Patent Document 1 (Japanese Unexamined Patent Application Publication No. 11-23144) describes a partition unit for partitioning a storage box. The partition unit described in Patent Document 1 has a partition and a holder. The partition is used to partition the storage space of the refrigerator, and the holder is slidably installed so that the partition is located at any position in the storage space. Wherein, the partition can be rotated relative to the holder, and the rotation axis extends along the length direction of the partition, so that the partition remains flush with the horizontal direction, thereby increasing the separation strength of the partition.

However, the relative positions and angles of the spacer and the holder described in Patent Document 1 are fixed. Therefore, when the partition function in the storage box is not needed, in order to avoid wasting the space of the storage room, it is necessary to remove the partition from the storage box.

Contents of the invention

The present invention has been made in view of the above circumstances, and an object of the present invention is to provide a partition unit that can be folded according to conditions.

solutions to problems

The partition assembly of the present invention is a partition assembly arranged in a storage area surrounded by storage walls, characterized in that it can adopt a storage state that does not separate the storage area and a partition state that separates the storage area, and has the installation A seat, an engaging part, a first rotating part and a second rotating part, the mounting base has a first end face and a second end face, the second end face is opposite to the first end face, and the engaging part is arranged on The first end surface side of the mounting seat is in a shape capable of engaging with the storage wall from above, the first rotating member is rotatably connected to the mounting seat, and the second rotating member is opposite to the receiving wall. The first rotating member is rotatably connected, in the storage state, the second rotating member is close to the second end surface of the mounting seat, and in the separated state, the second rotating member The second end surface relative to the mounting base is substantially vertical.

In addition, in the partition assembly of the present invention, it is characterized in that, in the storage state, the first rotating member and the second rotating member are close to the second end surface of the mounting base, In this state, the first rotating member is substantially perpendicular to the second end surface of the mounting seat, and the second rotating member is substantially perpendicular to the end surface of the first rotating member.

In addition, in the partition assembly of the present invention, it is characterized in that there is also a support member, one end of the support member is rotatably connected with respect to the first rotating member, and the other end of the support member is relative to the mounting The seat is slidable.

Furthermore, in the partition assembly of the present invention, it is characterized in that, in the partition state, the support member is accommodated in the first rotating member.

In addition, in the partition assembly of the present invention, it is characterized in that the engaging portion has an engaging block and an adjusting member, the mounting shaft is rotatably supported by the supporting portion of the engaging block, and the mounting shaft is formed on the On the lower end side of the adjusting member, the adjusting block is engaged with the adjusting groove of the engaging block, the adjusting block is formed on the upper end side of the adjusting member, and the adjusting groove is formed along the thickness direction of the storage wall. indivual.

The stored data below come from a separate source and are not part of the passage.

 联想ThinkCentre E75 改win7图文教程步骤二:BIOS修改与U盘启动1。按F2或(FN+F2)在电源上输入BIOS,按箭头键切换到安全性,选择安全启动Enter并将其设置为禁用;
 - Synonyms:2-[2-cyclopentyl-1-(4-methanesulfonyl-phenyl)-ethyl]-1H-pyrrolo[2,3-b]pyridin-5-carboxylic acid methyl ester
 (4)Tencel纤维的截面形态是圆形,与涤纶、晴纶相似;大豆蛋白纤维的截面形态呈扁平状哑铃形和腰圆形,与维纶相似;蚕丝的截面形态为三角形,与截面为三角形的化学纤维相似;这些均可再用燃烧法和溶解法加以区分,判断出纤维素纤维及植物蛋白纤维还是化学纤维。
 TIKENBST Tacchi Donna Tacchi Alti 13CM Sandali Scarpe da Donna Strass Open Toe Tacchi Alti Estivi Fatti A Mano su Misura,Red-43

In addition, in the partition assembly of the present invention, it is characterized in that, in the stored state, the first rotating member has a longitudinal direction substantially horizontally in a state close to the second end surface of the mounting seat. , in the separated state, the first rotating member has a length direction in a substantially vertical direction in a state close to the second end surface of the mounting base.

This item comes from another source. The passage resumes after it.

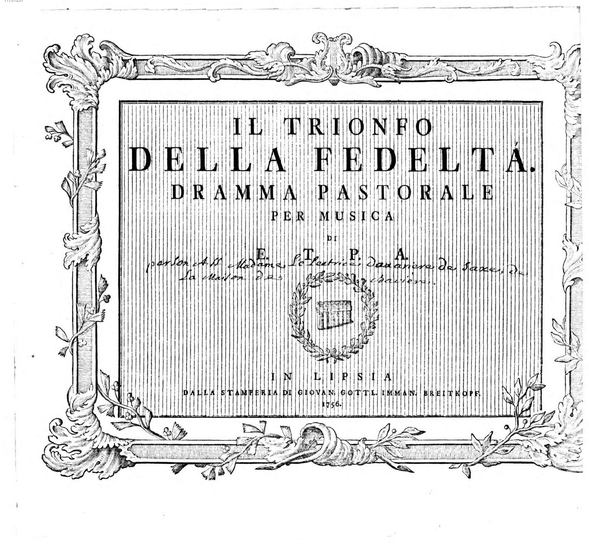 Il trionfo della fedeltà. Dramma pastorale per musica di E.T.P.A.

In addition, the middle region of the support member is configured in a curved shape, the second rotating member has a limiting cavity matching the middle region of the support member, and in the separated state, the middle region of the support member is accommodated in the inside the limited cavity.

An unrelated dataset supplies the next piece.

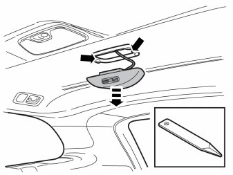 - Carefully pry off the cover at the rear of the roof panel using a weatherstrip tool. The cover is secured by two catches.

In addition, a plurality of adjustment slots are arranged along the front-rear direction, and the adjustment block is driven to engage with different drive slots, so as to change the front-rear depth of the engaging space.

In addition, the mounting seat has a guide groove, the first rotating member has a guide block, and when the first rotating member rotates, the guide block moves along the guide groove.

In addition, the partition assembly further includes a limiting rib disposed on the mounting base and the first rotating member, and in the separated state, the limiting rib abuts against each other.

Invention effect

According to the partition unit of the present invention, there is provided a partition unit that can be folded according to conditions. Specifically, in the stored state, the second rotating member is close to the second end surface of the mounting seat, thereby enabling the second rotating member to be easily stored without dividing the function. In addition, in the partitioned state, the second rotating member is made approximately perpendicular to the second end surface of the mounting seat, so that the storage area can be divided at any place by using the second rotating member when the function needs to be divided.

Description of drawings

Fig. 1 is a perspective view showing a storage state of a partition assembly according to an embodiment of the present invention.

Fig. 2 is an exploded perspective view of the partition assembly according to the embodiment of the present invention viewed from the front.

Fig. 3 is an exploded perspective view of the partition assembly according to the embodiment of the present invention viewed from the rear.

Fig. 4 is an exploded perspective view of the locking part and the adjusting part of the partition assembly according to the embodiment of the present invention viewed from the rear.

5A is a cross-sectional view showing a structure in which the thickness of the internal space of the engaging portion changes in the partition assembly according to the embodiment of the present invention.

5B is a cross-sectional view showing a structure in which the thickness of the internal space of the engaging portion changes in the partition assembly according to the embodiment of the present invention.

Fig. 6 is a perspective view showing a rotated state of the partition assembly according to the embodiment of the present invention.

Fig. 7 is a perspective view showing a partitioned state of the partition unit according to the embodiment of the present invention.

Fig. 8 is a perspective view illustrating a state in which a storage area of a refrigerator is partitioned by a partition assembly according to an embodiment of the present invention.

Fig. 9 is a perspective view showing a stored state of a partition unit according to another embodiment of the present invention.

Fig. 10 is an exploded perspective view showing a partition unit according to another embodiment of the present invention.

Fig. 11 is a perspective view showing a rotated state of a partition unit according to another embodiment of the present invention.

Fig. 12 is a perspective view showing a partitioned state of a partition unit according to another embodiment of the present invention.

FIG. 13A is a perspective view of the cross-sectional view at A-A in FIG. 12 .

Fig. 13B is an enlarged view at the dotted line in Fig. 13A.

Detailed ways

Hereinafter, the partition unit 10 according to the embodiment of the present invention will be described in detail based on the drawings. In the following description, in principle, the same members are denoted by the same symbols, and repeated descriptions are omitted. In addition, in the following description, each direction of up, down, front, back, left, and right is used suitably.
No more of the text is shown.